In most studies which combined cis -DDP with radiation, skin did not show significant potentiation of damage (14, 16, 19). A small enhancement of skin damage was reported in two studies (24, 25). Duodenal crypt cells in mouse intestine showed only a moderate enhancement of radiation-induced damage when the platinum was added to the irradiation (16, 17, 19, 26), including inhibition of radiation-induced repair by cis -DDP (27–28). The lack of evidence for significant enhancement in these two important normal tissues is encouraging, since significant levels of platinum have been reported in mouse skin (29).
The Potential Represented by Second Generation Platinum Complexes
The therapeutic potentiation reported in pre-clinical studies may represent a lower limit of the level of enhancement which is potentially attainable by using less toxic second generation platinum chemotherapy, such as Carboplatin or Iproplatin, or by using novel metal complexes designed as radiosensitisers. Radiosensitisation of hypoxic cells has been reported for several platinum complexes (for reviews see references 30–32), including Carboplatin (6), as well as the trans -DDP isomer (4, 6) which lacks significant antitumour activity. Although it is not known what the active chemical species is or whether binding to DNA is important in radiosensitisation, combining less toxic platinum complexes with radiation has resulted in efficient ER values (4, 6).
In animal test systems higher doses of some of these platinum complexes may be administered and the levels are not necessarily limited by kidney toxicity. Using these complexes it should be possible to produce higher peak plasma levels and correspondingly higher platinum levels in solid tumours. This is demonstrable in mice where administration of a five-fold dose of Carboplatin relative to cis -DDP results in approximately a similar ratio in total platinum levels in human tumours growing as xenografts in these animals (33). In the MTG-B mouse tumour model the less toxic trans -DDP was shown to be a potentiator of radiation-induced tumour cell kill and this effect was greater when the population of hypoxic cells was increased in the tumour during irradiation (34).
The interactions between Iproplatin and radiation have been studied extensively in the laboratories of Nias and his co-workers (for review see reference 35). These investigators selected this platinum complex because of its favourable therapeutic index in early pre-clinical studies, and they realised that this complex would become a likely candidate for clinical trials. ER values as high as 1.9 were reported when hypoxic Chinese hamster ovary (CHO) cells were irradiated following certain time periods and specific concentrations of the drug. However, under other conditions potentiation of radiation-induced cell kill was reported for well-oxygenated CHO cells (36). The results of these studies emphasise that platinum coordination complexes have a complicated pattern of interaction with radiation that is dependent upon variables such as drug concentration, time intervals between drug and radiation, oxygenation status of the cell, and cell culture conditions.

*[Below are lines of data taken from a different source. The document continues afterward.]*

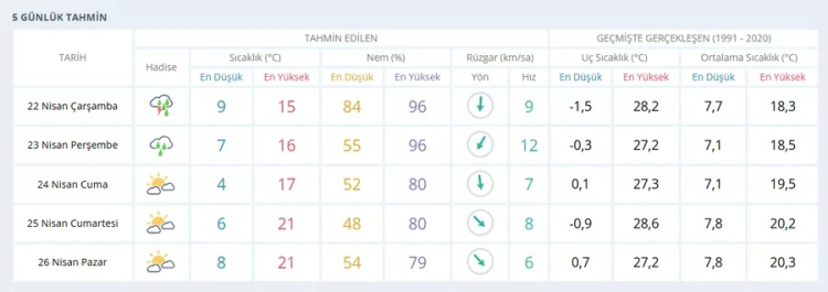 Sıcaklık: Gece saatlerinde termometreler 7°C'ye kadar gerilerken, gündüz en yüksek 16°C civarında olacak. Nem oranı ise gün içinde %55 ile %96 arasında geniş bir makas aralığında seyredecek.
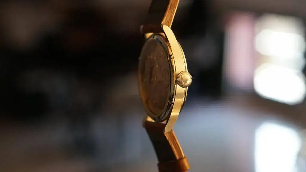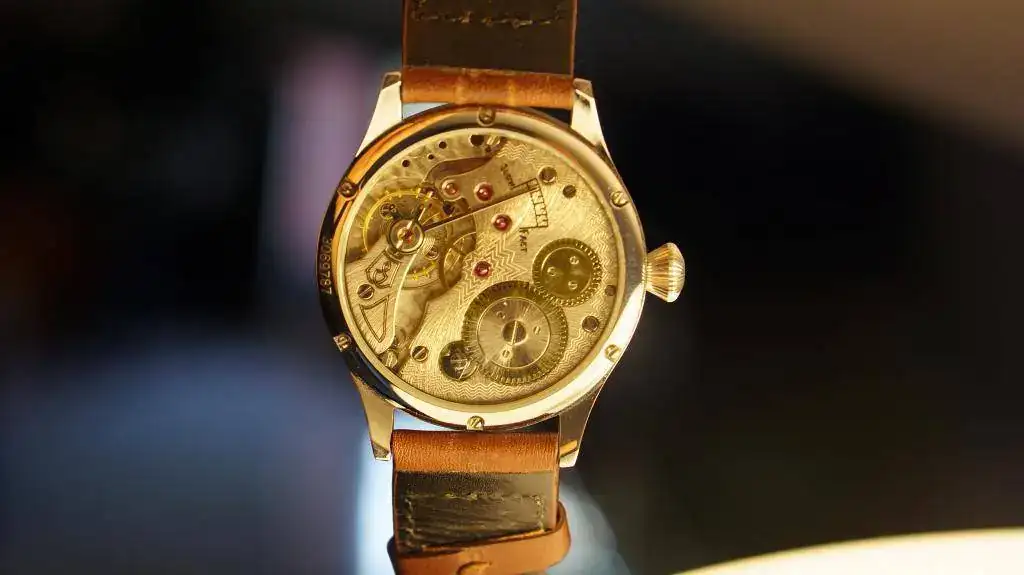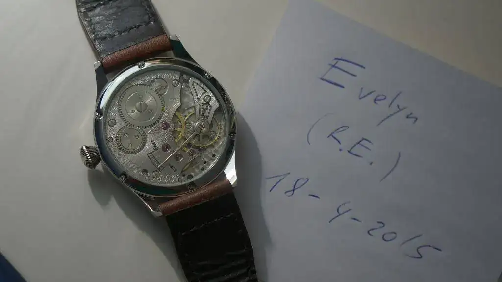 Va con vista trasera de la bonita maquinaria manual, que es un gustazo observarla. Cristales impolutos, los dos. El reloj iría con la correa original marrón que presenta señales de uso. No me interesan cambios.
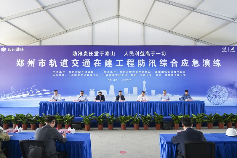 5月12日,由鄭州市城鄉(xiāng)建設局主辦,鄭州市建設安全監(jiān)督站、鄭州地鐵集團有限公司協(xié)辦,上海隧道工程有限公司、上海城建市政(集團)有限公司、鄭州一建集團有限公司承辦的鄭州市軌道交通在建工程防汛綜合應急演練在8號線一期工程02標08工區(qū)文創(chuàng)站組織開展。
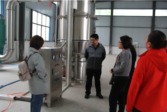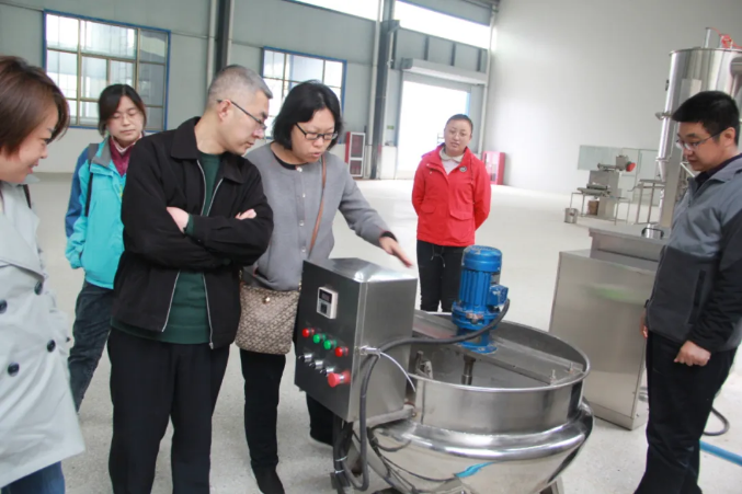 山東農(nóng)業(yè)大學(xué)劉建柱教授和藥學(xué)系老師們參觀了公司的科技研發(fā)中心、生產(chǎn)車間等,邢主任對廠區(qū)內(nèi)的環(huán)境設(shè)施和運(yùn)作流程、工藝流程等進(jìn)行了講解。
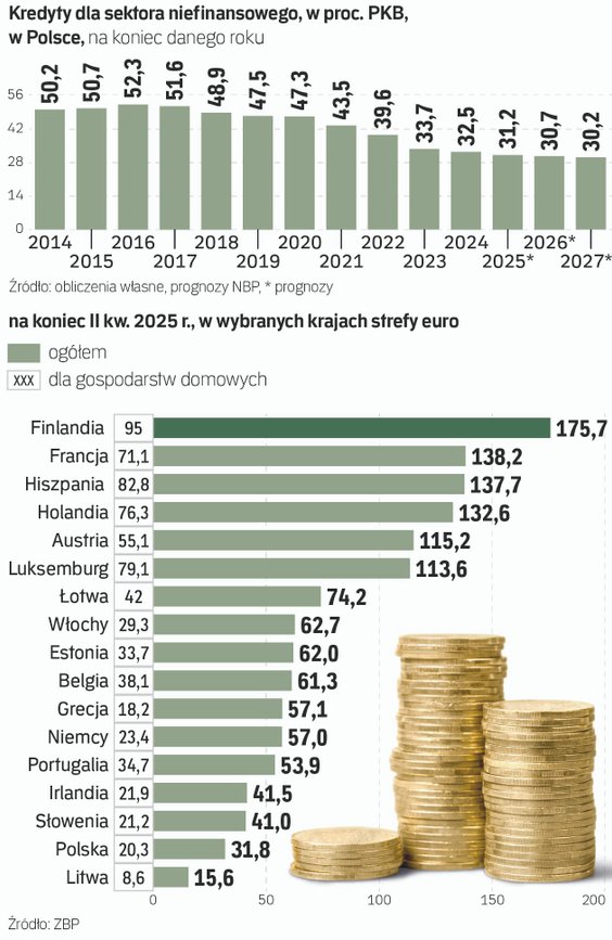 Z zestawienia przygotowanego przez Związek Banków Polskich w corocznym raporcie „InfoKredyt” wynika, że wśród krajów strefy euro Polska plasuje się pod tym względem na ostatnich pozycjach. Dla kredytów dla sektora niefinansowego ogółem to drugie miejsce od końca. Niższe wskaźniki osiąga jedynie Litwa – niecałe 16 proc. PKB, zaś na czele jest Finlandia – ponad 175 proc. PKB.
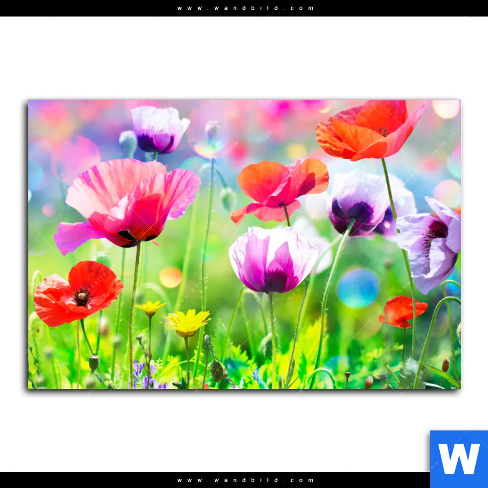 Aluminiumbild gebürstet | Bunte Mohnblumen | Querformat

Probably the largest ER values (2.4) reported to date were obtained in cultured hypoxic cells using FLAP, a platinum complex which attaches two of the electron affinic 5-nitroimidazole metronidazole moieties to dichloroplatinum(II) (37). Other investigators failed to reproduce this effect but reported that if intracellular glutathione levels are depleted using diethylmaleate (DEM), the ER produced by FLAP can be increased further (38). Glutathione with its sulphydryl groups would be expected to react with free radicals as well as provide a binding site for platinum complexes. A similar approach to designing a radiosensitiser was the synthesis by Teicher of trans -dichlorobis(azomycin)platinum(II), or 2NIPt. This is a relatively non-toxic complex which incorporates two of the electron affinic azomycin moieties, and which proved to be an effective hypoxic cell radiosensitiser in bacteria (6) and in mammalian cells (39). In the bacterial study a 200 micromolar concentration of 2NIPt was 2.5 times more effective in sensitising hypoxic cells than 400 micromolar of azomycin alone. An agent that binds to DNA such as a platinum complex might serve as a carrier of an active radiosensitiser to the DNA. However, the relative roles of the free solution platinum complex relative to DNA-bound platinum have not been identified for mammalian cells.
Certain platinum complexes may prove to be very effective potentiators when administered after irradiation. An example is cis -dichlorobis-(ethylenimine) platinum(II), or cis -DEP, which produces an enhanced cell kill greater than expected on the basis of total inhibition of PLD recovery (40). This effect has been called “enhanced chemotoxicity”, or EC, since V79 cells which have been irradiated appear to be more sensitive to subsequent exposure to the platinum complex. Since a platinum complex administered to cells or to tumour bearing animals before irradiation would also be present in the interval immediately following irradiation, the EC effect may be partially responsible for some of the platinum-radiation interactions reported for cells and animal tumours, as well as being a contributing factor in the responses of human tumours that have been reported in preliminary clinical trials.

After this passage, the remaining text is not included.